Ja'Warren Hooker

Personal information
- Nationality: United States
- Born: September 24, 1978 (age 47) Chicago, Illinois, U.S.
- Height: 5 ft 11 in (1.80 m)
- Weight: 165 lb (75 kg)

Sport
- Sport: Running
- Event: Sprints
- College team: Washington Huskies

Achievements and titles
- Personal bests: 100 m: 10.18; 400 m: 44.78;

Medal record
Men's athletics
Representing the United States
Pan American Games
| Silver medal – second place | 2003 Santo Domingo | 4×400 m relay |
Pan American Junior Championships
| Gold medal – first place | 1997 Havana | 100 m |

= Ja'Warren Hooker =

American sprinter (born 1978)

Ja'Warren Hooker (born September 24, 1978), is a track and field sprinter and former football player at University of Washington,

Hooker is one of the children who was born in Chicago and played halfback for Ellensburg High School. His high school football career record achieved at 20 touchdowns totaling a distance over 5,100 yards. Hooker also played basketball for his high school, with an accuracy of 40% at the point range of 3, Hooker later ran track field and played football at the University of Washington. Hooker was raised by his step father, who is a chemist for Agriculture department at Washington State,

==High school career==
In 1995, Hooker won the 100 meters race in 10.71s as a Sophomore in high school to win in his first appearance at the Pasco Invitational.

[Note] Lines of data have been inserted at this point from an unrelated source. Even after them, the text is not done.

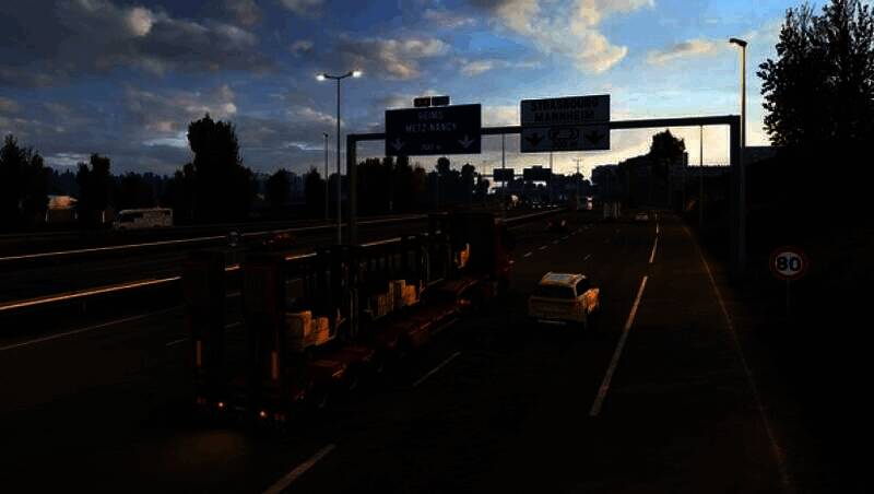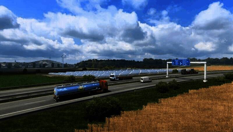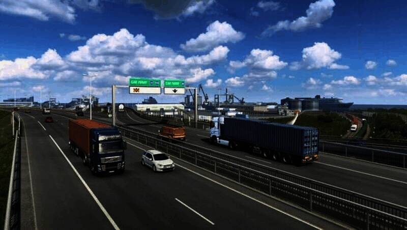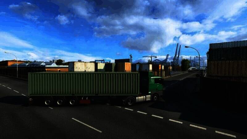 游戏的背景设定在欧洲,玩家可以在英国、德国、意大利、荷兰、比利时、波兰等多个国家的城市之间自由穿梭。游戏中的国家边界设计十分逼真,比如高速公路上两国国旗分列两侧,欧盟国家还会有欧盟旗。玩家在运输货物的过程中,能够尽情欣赏到欧洲各国的美丽风光和著名地标建筑。
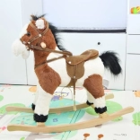 Ez a varázslatos hintaló puha, kiváló minőségű plüssből készült, ami kellemes tapintást biztosít. Kiemelkedő jellemzői a fa hintalécek és a masszív fa kapaszkodók, amelyek stabilitást és biztonságot nyújtanak játék közben. A ló nyereggel, kengyellel és kantárral van felszerelve, ami tovább fokozza a valódi lovaglás élményét.
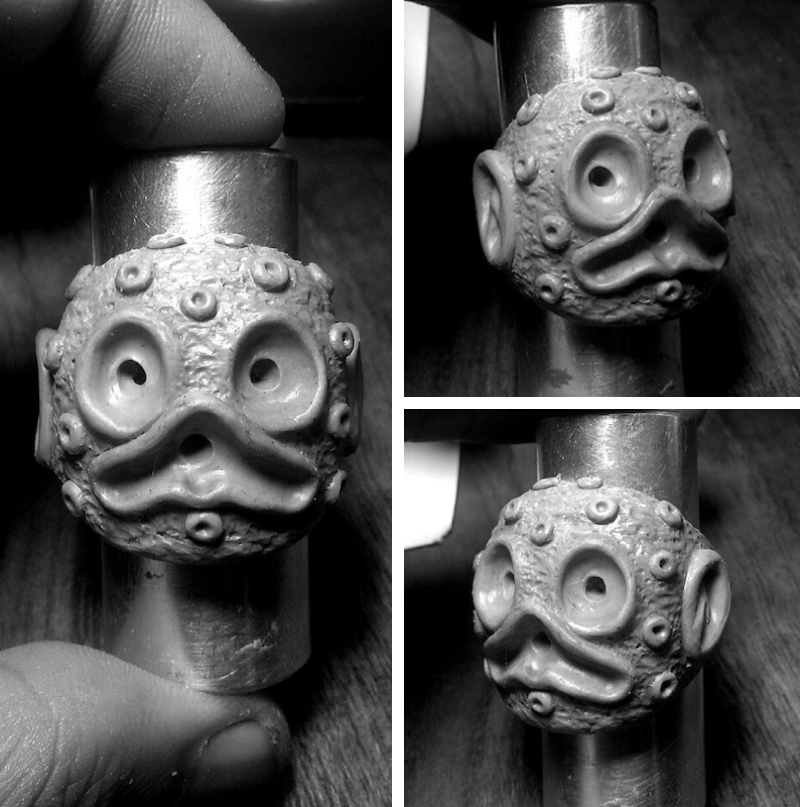 Today we can exclusively reveal an all-new project from the twisted alter ego of our editor Tru:Tek, Deadman… horror ‘zine, apparel and toy brand, GORY HOLE! Set to debut at NYCC ’14 with a limited sample run of issue “Zero”, alongside prints, t-shirts and other assorted merc, the first product to get a full official reveal comes in the form of the Ooze-It inspired “Monster on Your Finger” ring. The first in a series of jewellery inspired by classic bootleg monster toys, the ring – sculpted and produced in pewter by hugely talented Indonesian artist Baindots – takes on the form of the classic Ooze-It copy, the Cosmos Alien, rather than the original 70’s doll. Due to touch down at the Rampage Toys x Tru:Tek NYCC booth in October, details with regards to packaging, pricing, edition size and online availability will be unveiled closer to the event… You can expect more exclusive news on Gory Hole in the near future too!
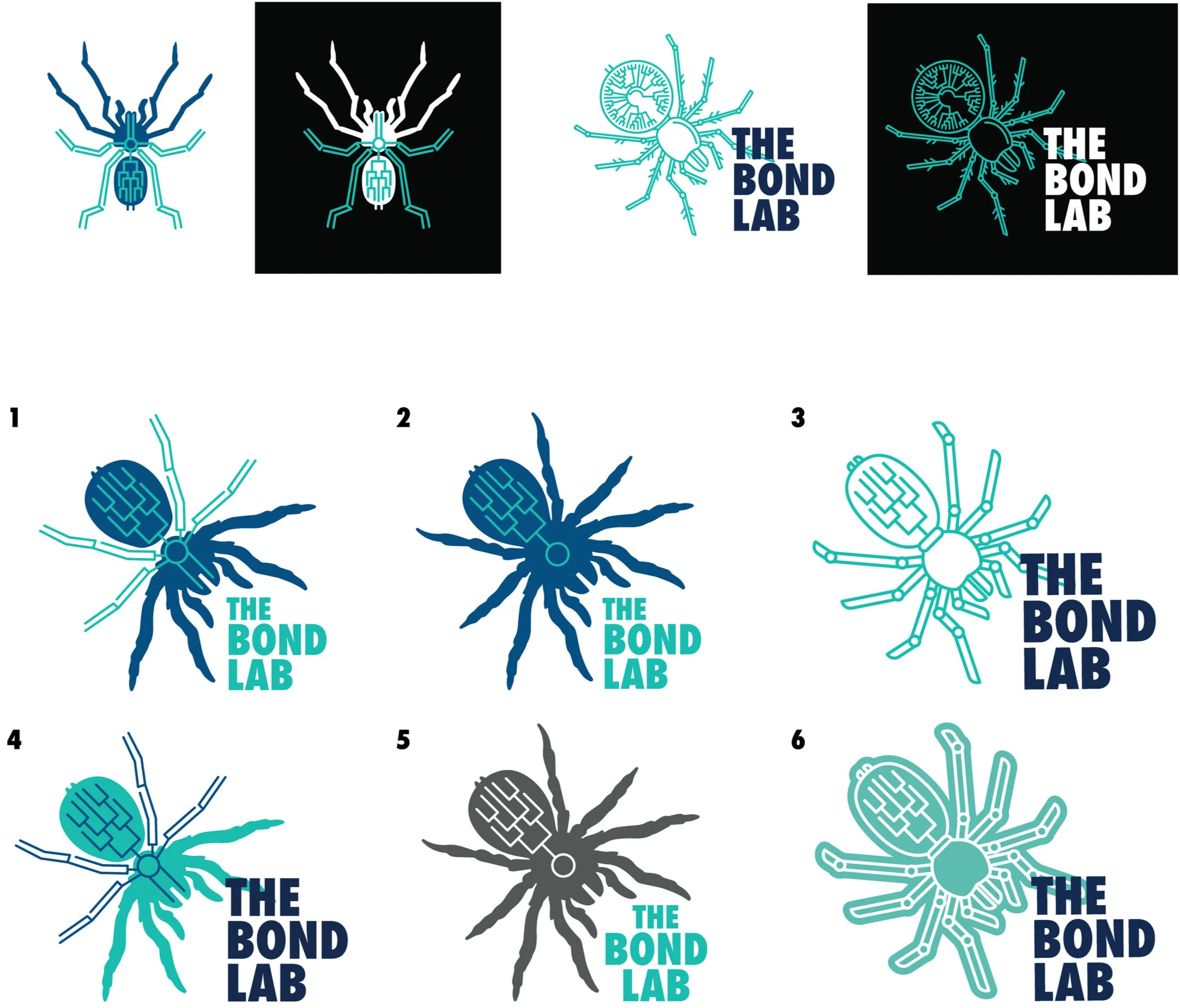 The Bond Lab explores the patterns and processes responsible for the diversity of life on Earth. They focus on terrestrial arthropods, with an emphasis on spiders and millipedes. The Bond Lab is futuristic, friendly, dynamic, and energetic. The brand is inspired by the power of new ideas, genomics, and spider silk.
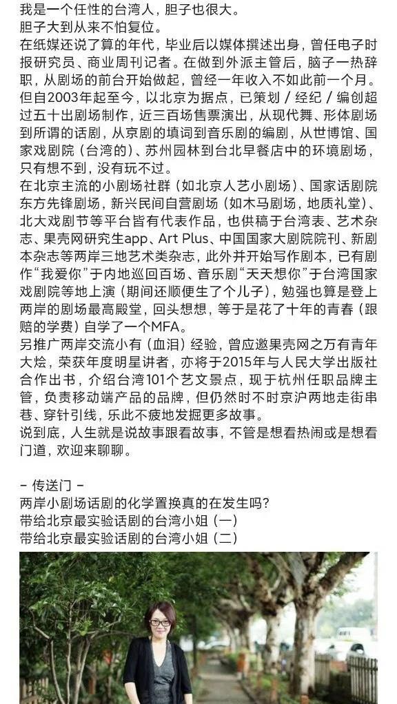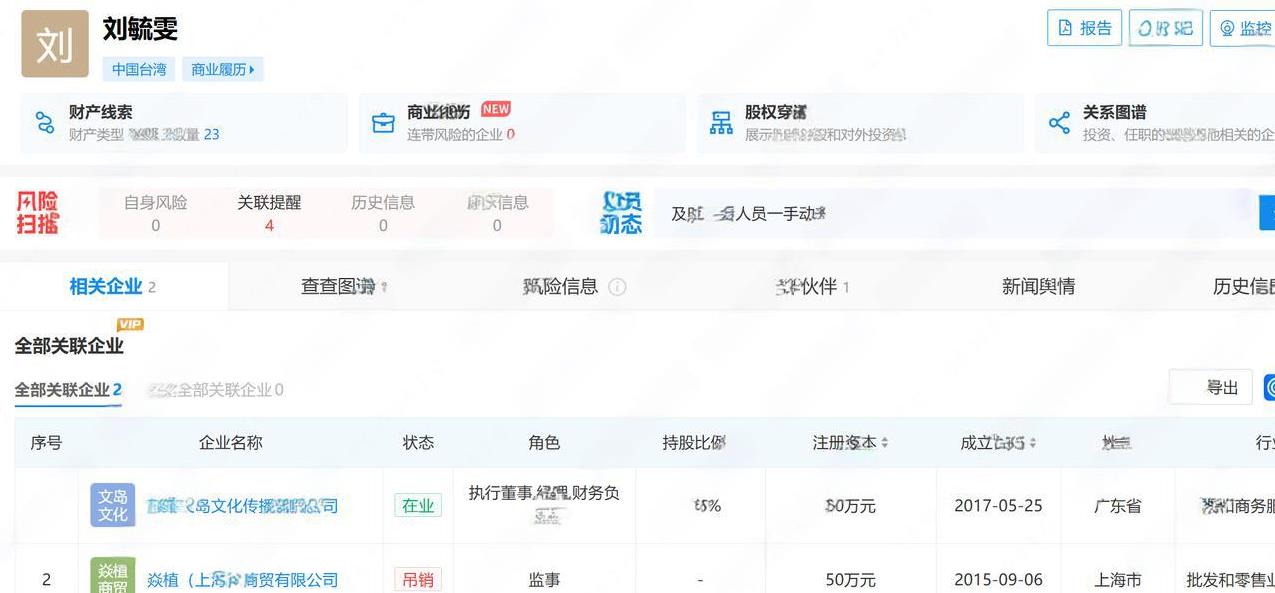罢免徐巧芯的罢团发言人“小令”刘毓雯被踢爆又是一个“双面人”,长年在大陆经商,回到台湾就自诩“反中”。此人不简单,是一位在多个领域都有所涉猎,她的职业生涯涵盖了媒体、戏剧、教育和文化等多个方面。曾是《商业周刊》等刊物的记者,在戏剧领域还有着一定的影响力,积极参与两岸文化交流活动,曾在北京、青岛等地推广中国台湾省小剧场作品,邀请了三十多个台湾省剧团到大陆展演,参与了以张雨生的歌曲为主题的音乐剧《天天想你》的创作,讲述了跨越两岸的爱情故事,还参与了《我爱你》等剧目的制作,这些作品在两岸文化交流中有影响力。在大陆东莞市注册登记经营的东莞文岛文化传播有限公司法定代表人就是刘毓雯。
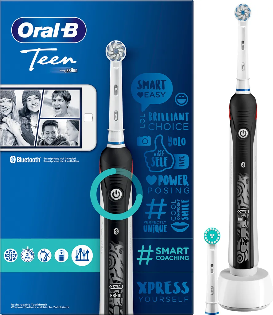 Erleben Sie die Oral-B Teen, von der Marke, die die erste wiederaufladbare Zahnbürste mit Bluetooth-Verbindung entwickelt hat. Die Zahnbürste ist ideal für Teenager ab 12 Jahren und unterstützt mithilfe der Ortho Care Aufsteckbürste die Zahnreinigung bei festsitzenden Zahnspangen. Das Handstück der Teen elektrischen Zahnbürste verbessert Ihre Putzgewohnheiten und verbindet sich mit der Oral-B App, um Ihnen Echtzeit-Feedback für bessere Putzergebnisse zu geben. Während Sie Ihre Putzroutine verbessern, erledigt der einzigartige, runde Bürstenkopf von Oral-B den Rest. Er entfernt bis zu 100% mehr Plaque als eine herkömmliche Handzahnbürste, sorgt so für gesünderes Zahnfleisch und hellt Ihr Lächeln ab dem ersten Tag der Anwendung durch das Entfernen von Oberflächenverfärbungen auf. Die Zahnbürste hilft Ihnen zusätzlich mit der visuellen Andruckkontrolle, Ihr empfindliches Zahnfleisch zu schützen. Das SmartCoaching der Oral-B Teen verbessert Ihre Putzgewohnheiten und Ihre Mundgesundheit. Kein Wunder, dass Oral-B die Zahnbürstenmarke Nr. 1 ist, die Zahnärzte weltweit am häufigsten empfehlen. Im Lieferumfang enthalten: 1 Teen wiederaufladbares Handstück in Schwarz, 1 Ladestation, 1 Ortho Care Aufsteckbürste für Zahnspangen, 1 Sensi UltraThin Aufsteckbürste für eine besonders sanfte Reinigung.Die wiederaufladbare elektrische Zahnbürste Oral-B Teen lässt sich mit den folgenden Aufsteckbürsten von Oral-B verwenden: CrossAction, 3DWhite, Sensi UltraThin, Sensitive, Precision Clean, Tiefenreinigung, TriZone, Ortho Care.
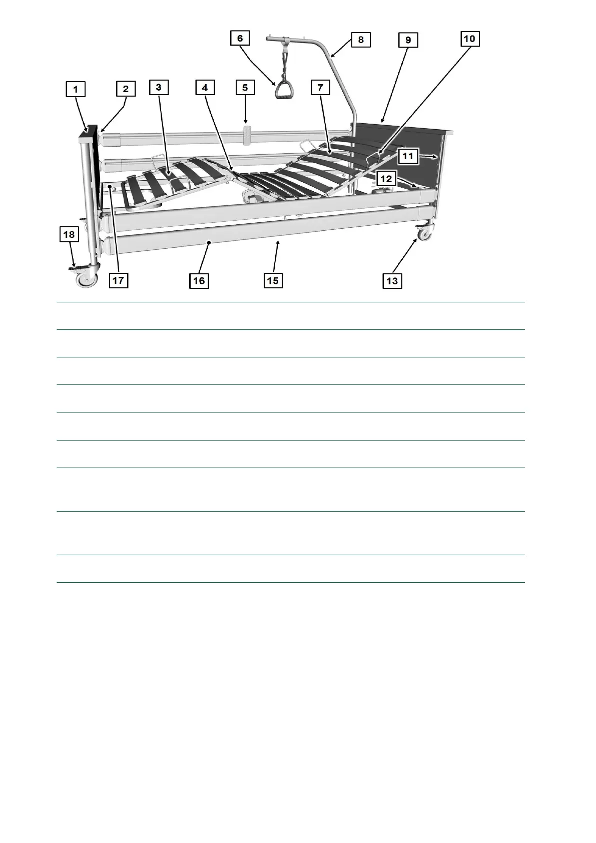 [17] Mattress base frame [18] Brake pedal
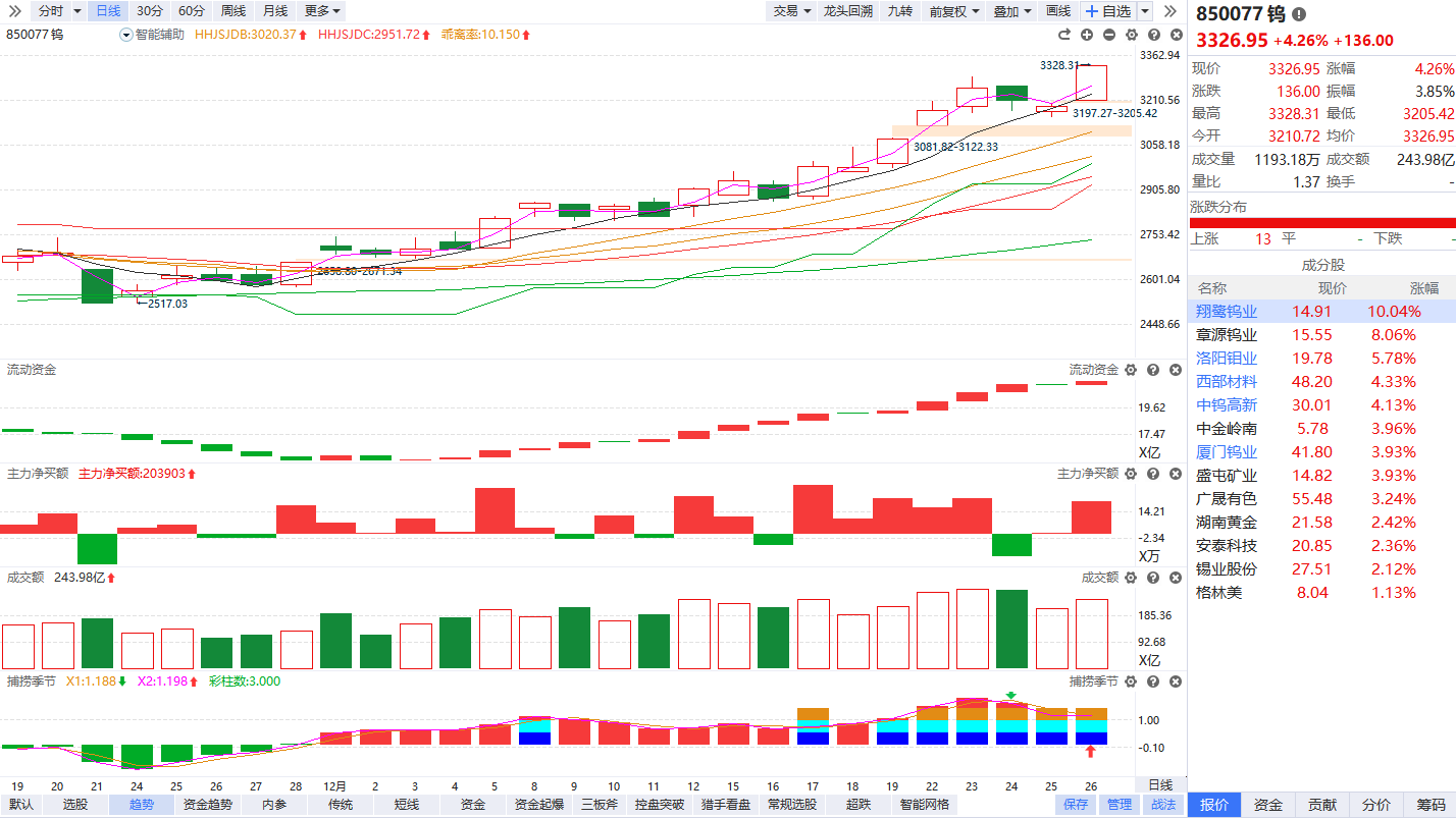 钨矿股午后异动拉升 翔鹭钨业涨停

The following year, Hooker returned to the Pasco Invitational to win the sprint double in the 100 m (10.68s) and 200 m (21.82s). His final chance to compete at the Pasco Invitational was not wasted as he won another sprint double. Hooker won the 100 meters in 10.44s, a meet record time, and won the 200 meters in 21.40s, also a meet record. Hooker has the Washington High School State Record for the 100 meters with a time of 10.27s.

==Career highlights==
Hooker made the 2000 Olympic relay team as a back-up member, but he did not get to compete. Before this Hooker was the 1997 USA Junior Champion in the 100 meters. Hooker has personal all time bests of 10.18s for the 100m dash and 44.78s for the 400m dash.

==Post Running Career==
Hooker co-founded Stretch 22 with Dr. Kris Sasaki in 2018. Stretch 22 is an assisted stretching studio with four locations in the greater Seattle area.